Only lines containing "technische" are wanted from the data below. Copy those lines.

——

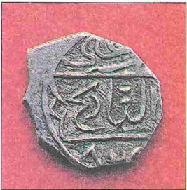
Beşşehir'de Eşrefoğulları'ndan Süleyman b. Mehmed adına basılmış gümüş sikke (İstanbul Arkeoloji Müzesi, Teşhir, nr. 1336)

kan saltanat boşluğu sırasında Keyhusrev'in annesi tarafından saltanat nâibliğine getirildi. Ancak II. Gıyâseddin Mesud'un Konya'da duruma hâkim olması üzerine kendi merkezi olan Gorgorum'a (Gurgurum-Gökçimen) döndü.
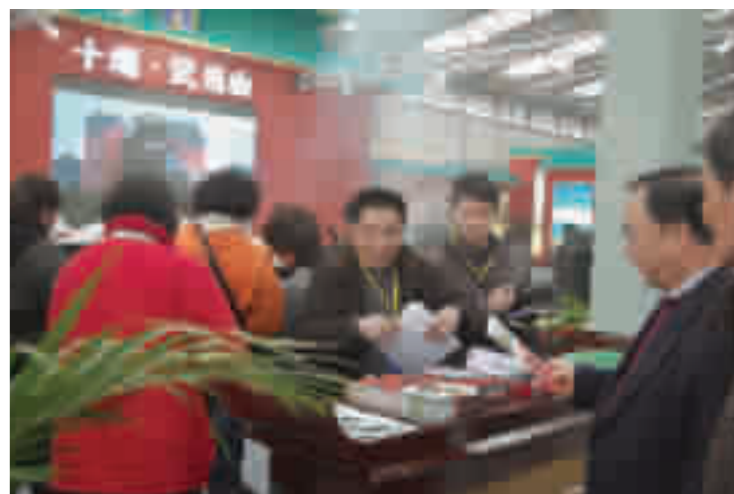
十堰展台前人头攒动。
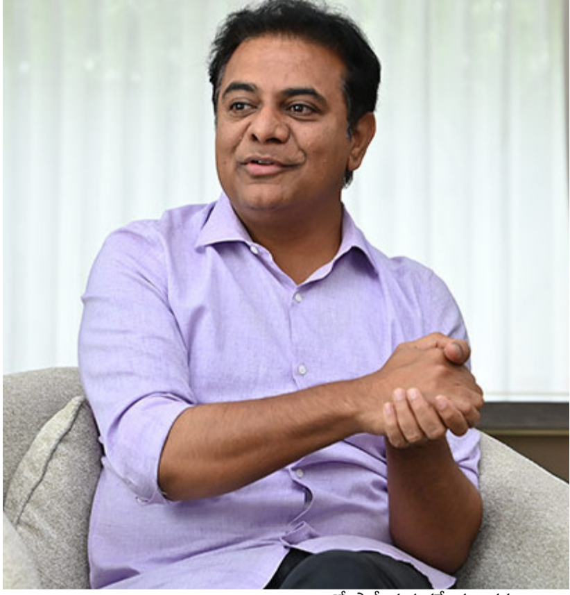
హైదరాబాద్, జూన్ 21 (ప్రజాస్వరం) :

బీఆర్ఎస్ వర్కింగ్ ప్రెసిడెంట్ కేటీఆర్ పూర్వచర్ డైలామాలో పడింది. ఆసెంబ్లీ ఎన్నికలు, లోక్ సభ ఎన్నికల్లో అన్నీ తానై వ్యవహరించిన గులాబీపార్టీ చిన్నబాస్ లోక్ సభ ఫలితాల తర్వాత పత్తా లేకుండా పోయారు. అసలే సీఎం సీటు దిగాల్సి వచ్చిందన్న బెంగతో కేటీఆర్ ఫ్యాన్ ఫ్యాన్ నుంచి బయటకు రావడం లేదు. ఇటు చూస్తే ఒక్క ఎంపీ స్థానం కూడా దక్కకపోవడంతో కేటీఆర్ పార్టీ శ్రేణులకు నల్లపాన అయిపోయారు. తీవ్రం జైలుకు వెళ్లి చెల్లిన చూసాల్సిన వెంటనే ఆయనకు ఎన్నికల అభివృద్ధి ఉచ్చు బిగించుకుంది. ఆ క్రమంలో ఆయన పోస్టుపై పార్టీలో పెద్ద చర్చ జరుగుతుంది. వరుస ఓటములతో బీఆర్ఎస్ ఉక్కిరి బిక్కిరి అవుతుంది. మరోవైపు వలసలు గులాబీ పెద్దలకు షాక్ లు ఇస్తున్నాయి.
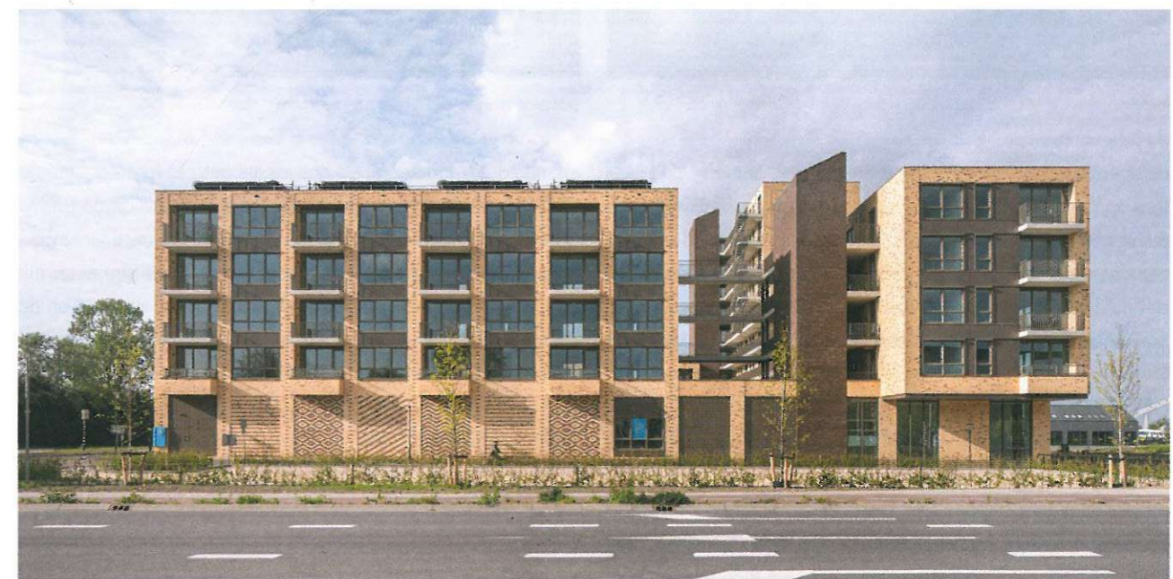
Stoffappatronen geven de gesloten gevels van de supermarkt een vrolijke touch. De horizontale lamellen in de deur van de technische ruimte zijn afgestemd op het patroon.

In de plinten van het gebouw bevinden zich de commerciële en technische ruimtes, behalve aan de autovrije kade. Daar zijn op de begane grond dertien kadewoningen gerealiseerd, die de activiteit langs het kanaal nog meer vergroten. Deze woningen hebben anders dan de rest, een halve beukmaat en een verdieping. Om de kadewoningen iets van privéruimte te geven op
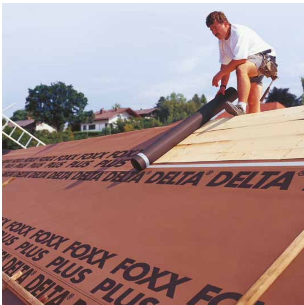
Плётка DELTA®-FOXX PLUS сохраняет вашу мансарду комфортной и сухой на весь срок эксплуатации.
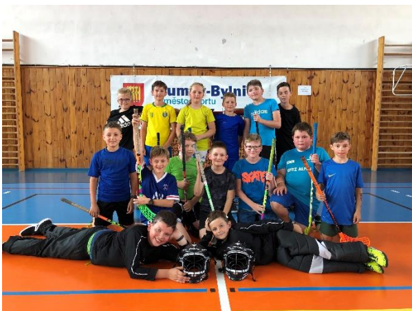
ZÚ – Florbal
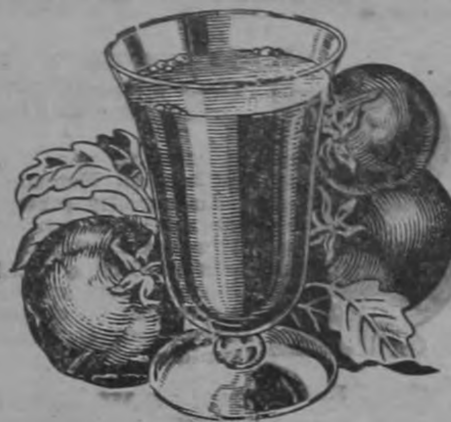
Jugo de Tomate
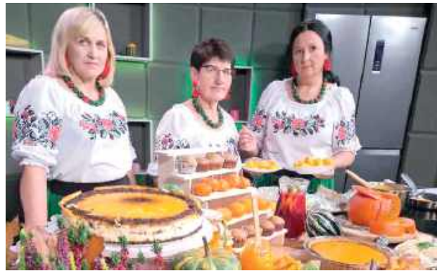
Panie zabrały do telewizji przepyszny serniczek dyniowy

——

- **WORKED SOLUTION**:
Stoffappatronen geven de gesloten gevels van de supermarkt een vrolijke touch. De horizontale lamellen in de deur van de technische ruimte zijn afgestemd op het patroon.
In de plinten van het gebouw bevinden zich de commerciële en technische ruimtes, behalve aan de autovrije kade. Daar zijn op de begane grond dertien kadewoningen gerealiseerd, die de activiteit langs het kanaal nog meer vergroten. Deze woningen hebben anders dan de rest, een halve beukmaat en een verdieping. Om de kadewoningen iets van privéruimte te geven op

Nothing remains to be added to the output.